Abstract
Objective: Comparisons of mini-midvastus (mMV) with mini-medial parapatellar (mMPP) approach in total knee arthroplasty (TKA) have been performed in the past but were often compromised by variables such as disease, pain tolerance, bone quality, and surgeon. The aim of this study was to minimize the influence of these factors in order to more accurately evaluate these 2 approaches.
Methods: Forty-five patients who had bilateral arthritis of the knee with similar deformity and preoperative range of motion (ROM) on both sides agreed to have 1 knee replaced via mMV approach (Group I) and the other via mMPP approach (Group II) were evaluated. Postoperative clinical outcomes, postoperative complications, perioperative parameters, and knee component positioning were analyzed.

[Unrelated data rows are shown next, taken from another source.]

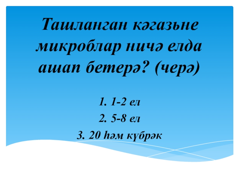 Ташланган кәгазьне микроблар ничә елда ашап бетерә? (черә)1. 1-2 ел2. 5-8 ел3. 20 һәм күбрәк
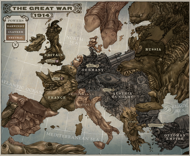 Como não amar a estranheza desse mapa? Pode ser um pouquinho difícil se localizar, porém tenho certeza que ele combina perfeitamente com a trama steampunk criada pelo autor.
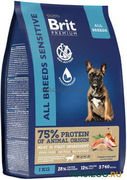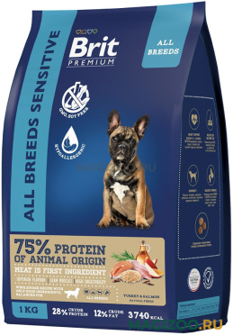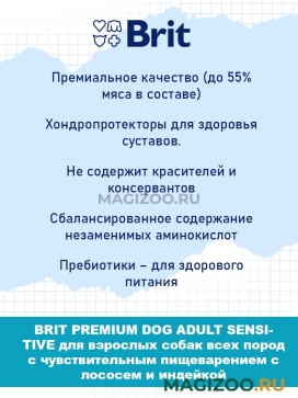 Полнорационный корм с лососем и индейкой для взрослых собак всех пород с чувствительным пищеварением.
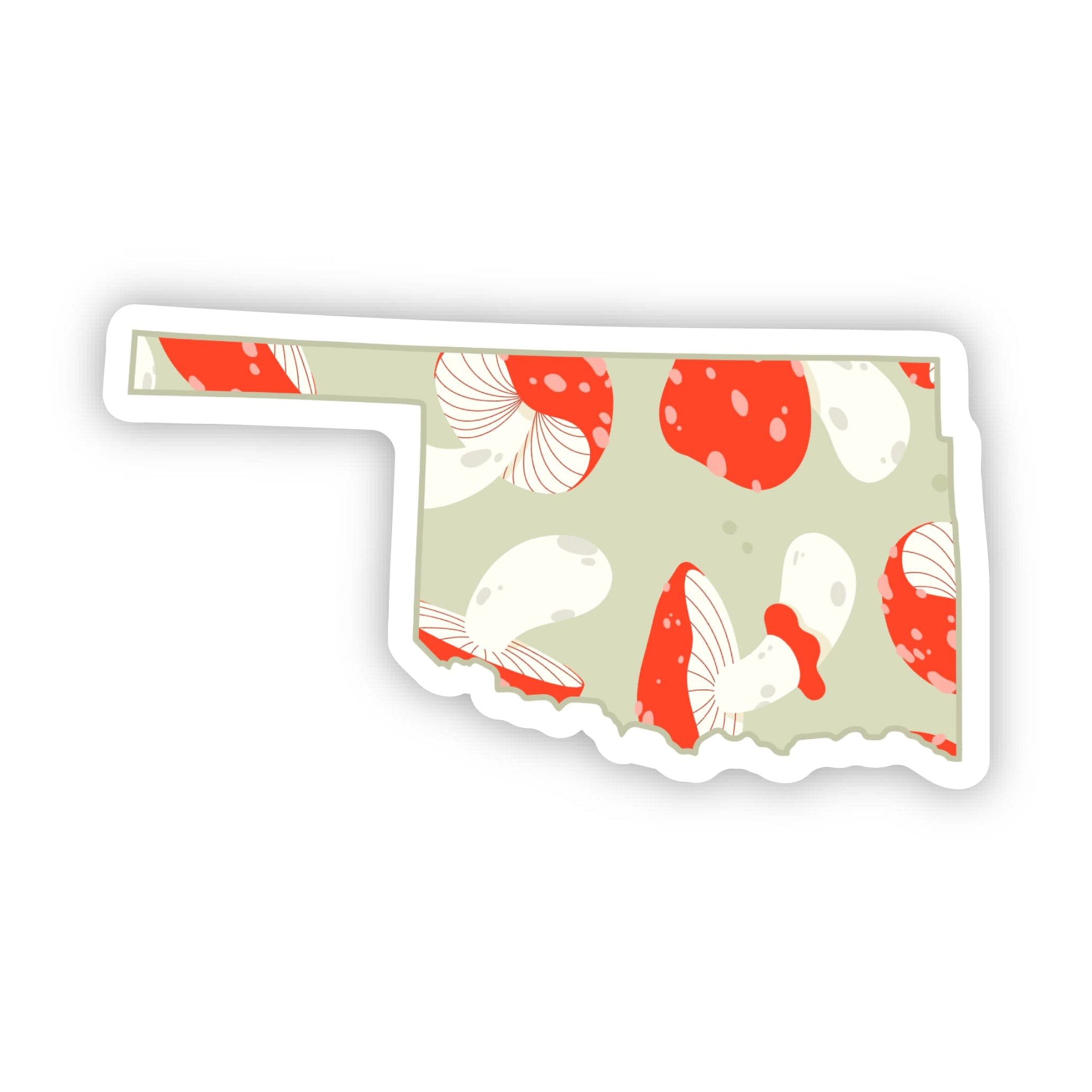 Share your fun side with our mushroom pattern state stickers. If you love nature and the state of Oklahoma, this sticker is for you! High quality vinyl sticker. Great to decorate laptops, water bottles, car windows, coolers, suitcases, bikes, kayaks, phone cases, journals, and more.
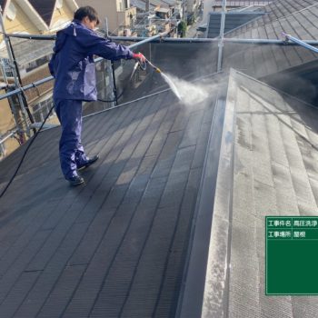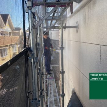 まずは、高圧洗浄機で外壁を綺麗に洗い流します。
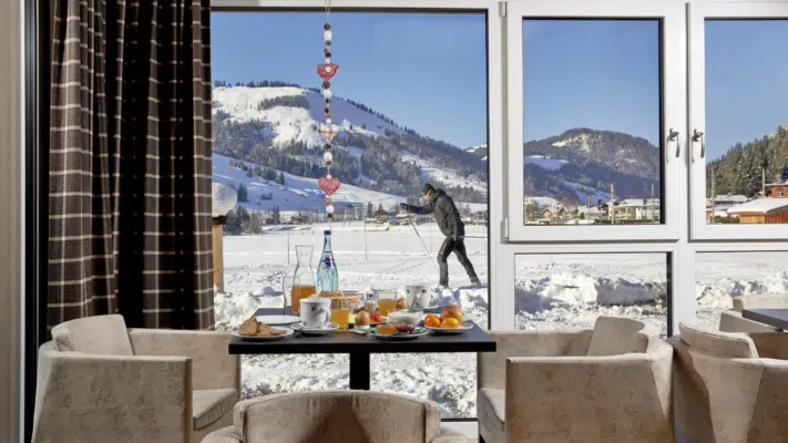 Im Sommer locken Wanderwege, Almen und Bike-Strecken direkt vor dem Hotel. Die Region ist ein echtes Paradies für Aktivurlauber! Im Winter erwartet euch das Skigebiet Skicircus Saalbach Hinterglemm Leogang Fieberbrunn nur wenige Minuten entfernt – Schneespaß garantiert!
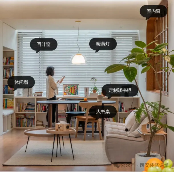 66.书斋若是耐久不睡东说念主,不要作念负担的布帘,百叶帘或者纱帘保证采光,还不错放大空间
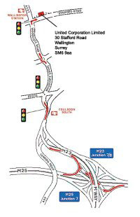 United Corporation UK offices are located in the south east of England and easily accessible by road, rail and air. The office is situated 6 miles from the south section of the M25 motorway, 5 minutes from the nearest railway station and 15 miles by road from London Gatwick airport.
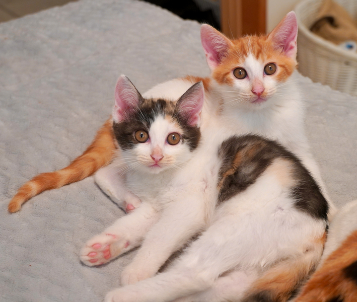 | 特徴(性格など) | 【元気で超可愛い!甘えんぼ仲良し兄妹♡みずきくん&まるみちゃん♪(ペアのみ)】 明るいカラーのチャトラ&ホワイト(茶白)と縞模様がとっても素敵な いけめんボーイ「みずき」くん と まんまるお顔が超絶キュートな薄三毛(薄いカラーです)のおんなのこ 「まるみ」ちゃん♡ ふたりは生後2か月になるかならないか・・・というくらいの 元気いっぱいな健康優良児です^^ 幼い頃から猫のママと人間のママに育てられてきていますので 猫どうしも仲良くなれますし 人間のこともだーいすき! お膝に乗ってくるだけでなく、肩乗りまでしちゃいます笑♪ 小さな体で人によじ登ってくる様子は悶絶級のかわいさ! 文句なく、どなた様にも自信をもっておすすめできる子たちです。 いつもくっついて一緒に寝て、一緒に遊んでいる仲良し兄妹なので ふたり一緒にお迎えくださる方を探しています。 きょうだいの子猫2匹ペアでお迎えされますと、相性もバッチリですし くっついてねんねしたり、一緒に遊ぶ姿を見て癒されることまちがいなし! ご家庭に笑顔が増えますよ♪ 2匹ペアでお迎えすることのメリットは ・まさに社会化期の大切な時期なので、一緒にいることで必要なことを学べる ・情緒が安定するので、とっても良い子に育ちますし、問題行動も出ない ・ふたり一緒に新たな環境に行けると、環境の変化にもなじみやすい ・子猫の体調の変化は見逃さないほうが良いので、2匹を比べることで変化に気づきやすい ・お留守番のあるご家庭も、ふたり一緒なので安心 と、メリットたくさん!! 正直にお伝えしまして、お世話の手間は1匹でのお迎えと変わりません。 心理的に2匹は・・・というハードルがあることは承知しておりますが 1匹の猫さんに慣れたところに後から2匹目をお迎えされるほうがかなり大変です。 (これは断言します) なので、将来的に2匹お迎えしたいとお考えの方は 最初から仲良し2匹ペアでのお迎えをおすすめします♪ なにかご心配なことやわからないことがありましたら どの時点でも(正式譲渡後でも)お気軽にお尋ねください^^ フォローもバッチリいたします♪ 可愛い可愛いふたりに、愛情いっぱい注いでくださる本当のご家族ができますように! みずきくんとまるみちゃんの仲良し可愛いじゃらし動画↓ https://youtube.com/shorts/VXohRmbwNEo?si=bXy1i0ZqBksBTueC マッチング; ◎ご家族世帯 ○単身ご世帯 ◎大人世帯 ↑※○乳児 ○幼稚園児 ○小学校低学年 ◎小学校高学年以上 ◎お留守番 ※お留守番はできますが、甘えん坊なので在宅時にたくさん構ってあげてください ◎猫さんとベタベタしたい人 ▲猫さんとある程度の距離が必要な人 ◎猫飼い初めてさん ◎猫ベテランさん △猫以外の先住動物がいるご家庭 ◎多頭飼育 【健康状態】 良好です。元気いっぱい! ●3種ワクチン1回接種済み(生後2ヶ月齢) ●ノミダニ駆除済み ●お腹の虫の駆虫済み ●便検査済み ( - ) ●ウイルス検査済み 猫エイズ( ― ) 猫白血病( ― ) ※ママ猫も陰性なのでご安心ください ●シャンプー済み ●爪切り済み ●お耳掃除済み 医療費や養育費の一部ご協力金として、 生後2ヶ月齢(ワクチン1回済み)での譲渡で1匹あたり10000円 生後3ヶ月齢(ワクチン2回済み)での譲渡で1匹あたり13000円をお願い致します。 |
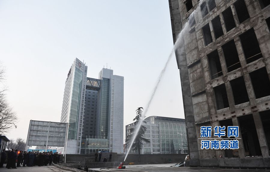 對建筑物30米高的模擬火點(diǎn)噴水。
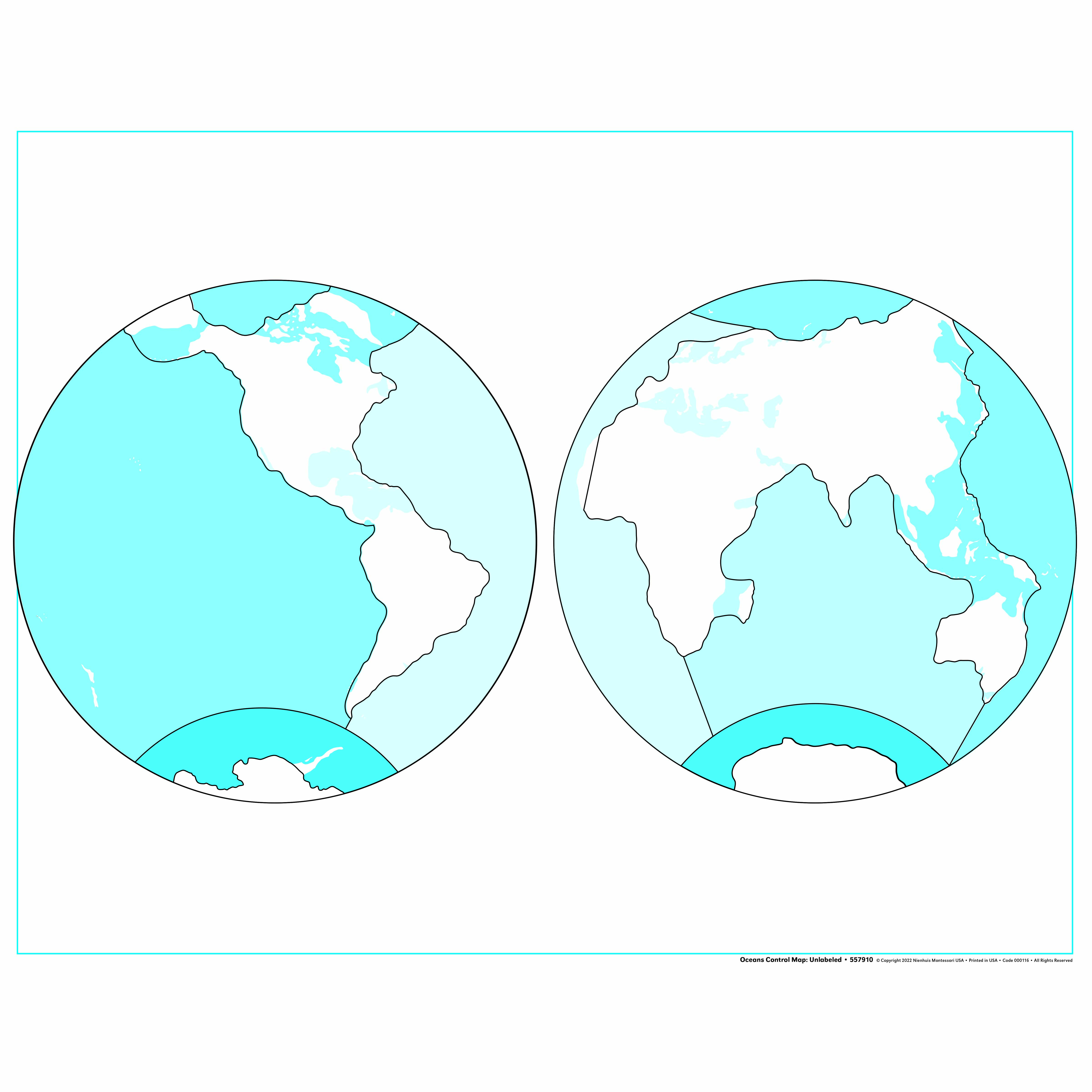 The Oceans Control Map serves as a reference guide in Montessori geography work, providing children with a visual standard against which to verify their own work with puzzle maps and pin maps. This unlabeled control map specifically addresses the young child's need to understand Earth as a whole before diving into detailed study of individual continents. The turquoise oceans and white landmasses create a clear visual distinction that helps children aged 3-6 grasp the fundamental concept that Earth is covered primarily by water. In Montessori classrooms, control maps function as self-correcting tools, allowing children to check their work independently without adult intervention. The two-hemisphere projection on this Oceans Control Map mirrors the layout of corresponding Montessori puzzle maps, creating consistency in the child's geographic explorations. By presenting oceans without labels, this map encourages children to focus first on shape recognition and spatial relationships before adding the complexity of reading. The control map format respects the child's natural progression from concrete to abstract understanding, supporting their journey toward geographic literacy.
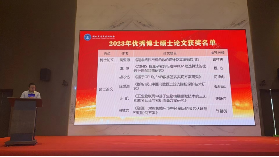湖北省商用密码协会一届二次会员大会于2023年12月27日在武汉国家网络安全人才与创新基地成功召开。今年会官网2022届毕业生覃悦同学的硕士毕业论文《对NIST抗量子密码标准中KEM候选算法的密钥不匹配攻击研究》在会上荣获2023年度优秀硕士论文奖,指导教师为程池老师。
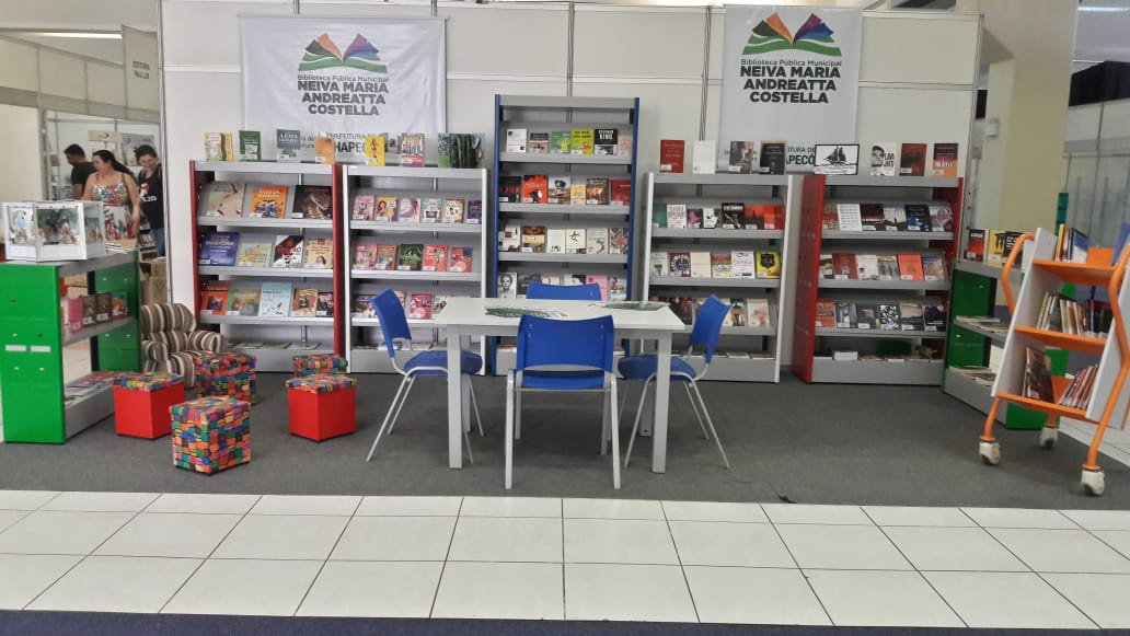 Um dos expositores da Feira do Livro é a Biblioteca Pública Municipal Neiva Maria Andreatta Costella, que participa da atividade há 03 anos. Em 2019, o diferencial do stand da Biblioteca Pública Municipal Neiva Maria Andreatta Costella é o stand mobiliado. Através de uma parceria com a empresa MetalPox empresa que fabrica mobiliários em Xanxerê, foi possível mobiliar o espaço. É um diferencial do nosso espaço, faz com que as pessoas voltem a atenção para o espaço buscando mostrar um espaço agradável e com mobílias modernas, destacou a Coordenadora da Biblioteca Pública Municipal Neiva Maria Andreatta Costella, Caroline Miotto.
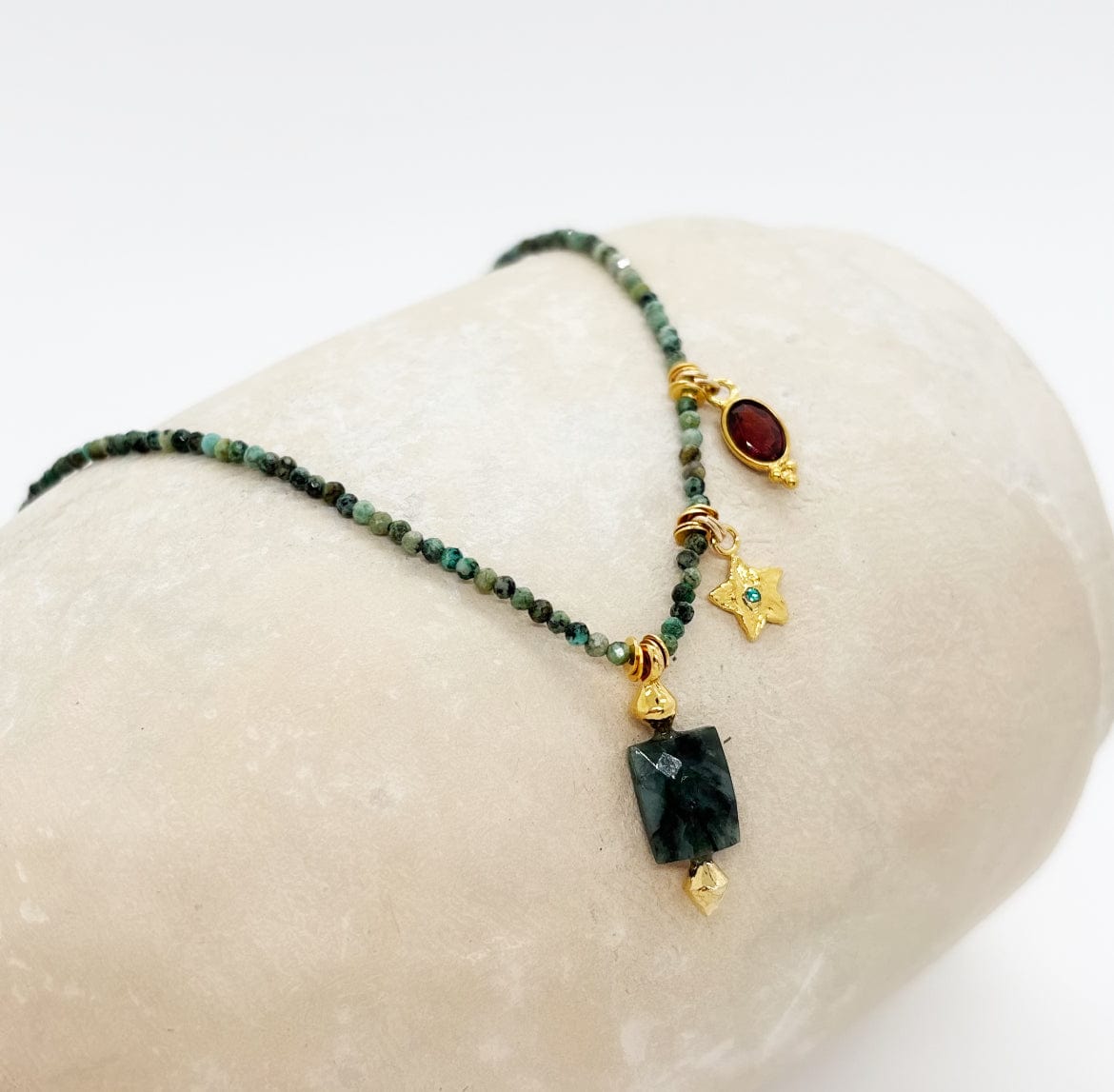 - Qualité perles naturelles : perles de Turquoise d'Afrique, Grenat rouge et perle Émeraude d'Inde.

Results: No significant differences were found between the mMV and mMPP groups with regards to functional assessment, patient satisfaction, postoperative complication, quadricep strength, pain at the point of incision, degree of soft tissue release, as well as ROM. Nor were significant differences found between the 2 groups in terms of perioperative parameters and radiographic component positioning.
Conclusion: The present study did not detect any substantive difference between the mMV and mMPP approaches for TKA. The decision between the 2 surgical approaches should be based on surgeon experience and preference.